Fast forward to September 21st, 2021. It’s 7:45 am and I am driving with my kids to school. I suddenly become overwhelmed with emotions and questions. I’m holding back my tears.
My kids are so excited that I’ll be at school with them, I can’t let them see me unraveling.
Am I ready to be in a classroom? Do I still have the same passion for teaching I had before? Do I still have patience for young children like I did when I was 8.5 years younger? Is this really how I want to spend my time? Have I come too accustomed to my freedom during the school day? Will this choice affect my children? Has my experience as a mom made me a better teacher?
The most pressing question for me as I made that 35-minute drive was… Have a made a big mistake? Was waiting for this exact moment a waste of time? Should I have moved on to something else?
I walk down the hall towards the classroom and I can feel every heartbeat.
There are a few moments I spend alone in the class. I look around and take it all in.
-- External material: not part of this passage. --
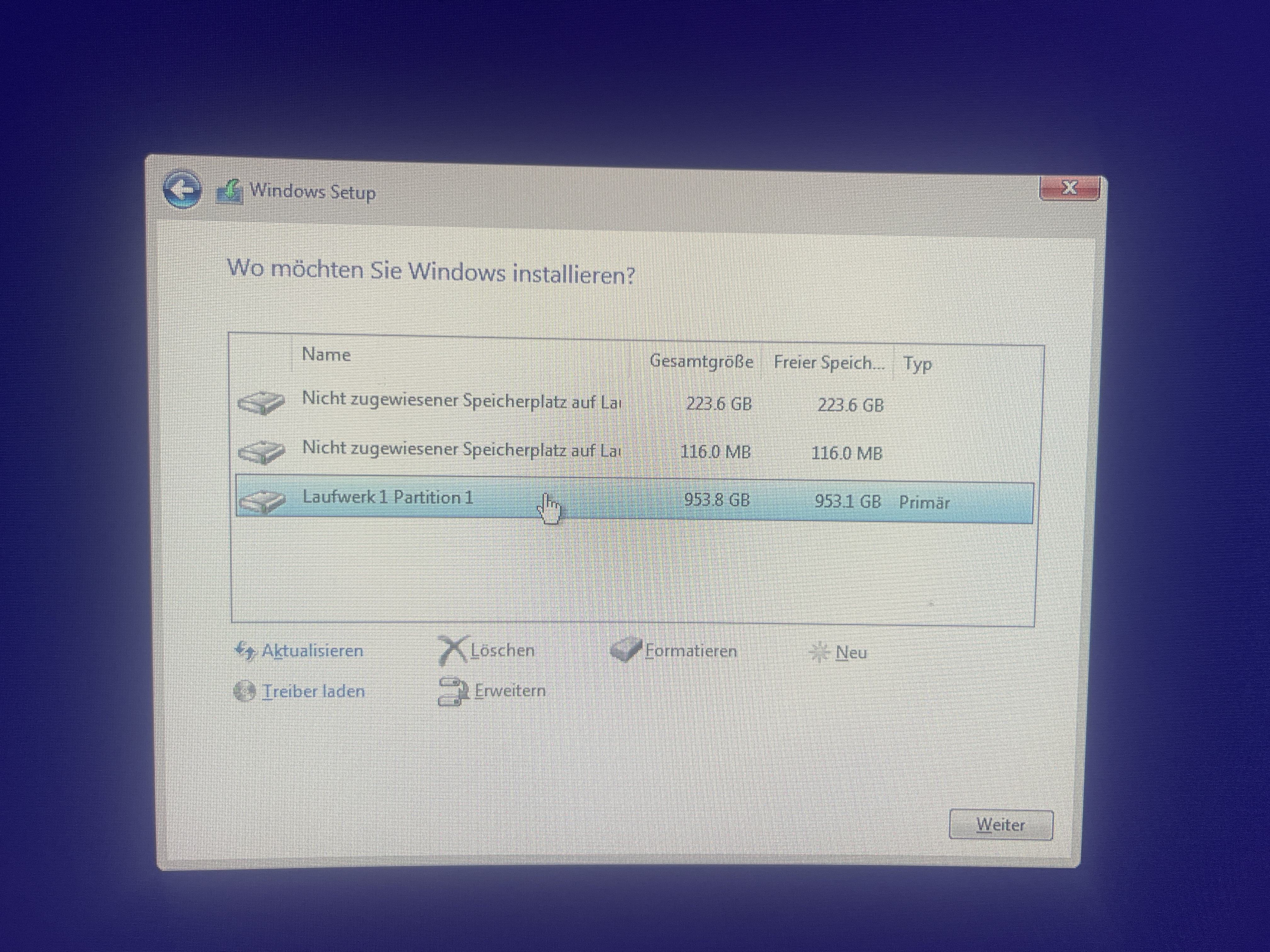 Soll ich jetzt einfach Laufwerk 1 Partion 1 auswählen und weiter?

The little desks, the colorful posters, tiny lockers, and I can’t help but smile.
As the wide-eyed students of the Kindergarten class started coming in, and I introduced myself I instantly started to feel like a teacher again.
As we had our first lesson I started to feel more comfortable and feel like I might actually still love teaching.
Finally, as the day came to an end and the students tell me they enjoyed having me in their class I started to feel that passion for teaching coming back. Felt like me again after so many years.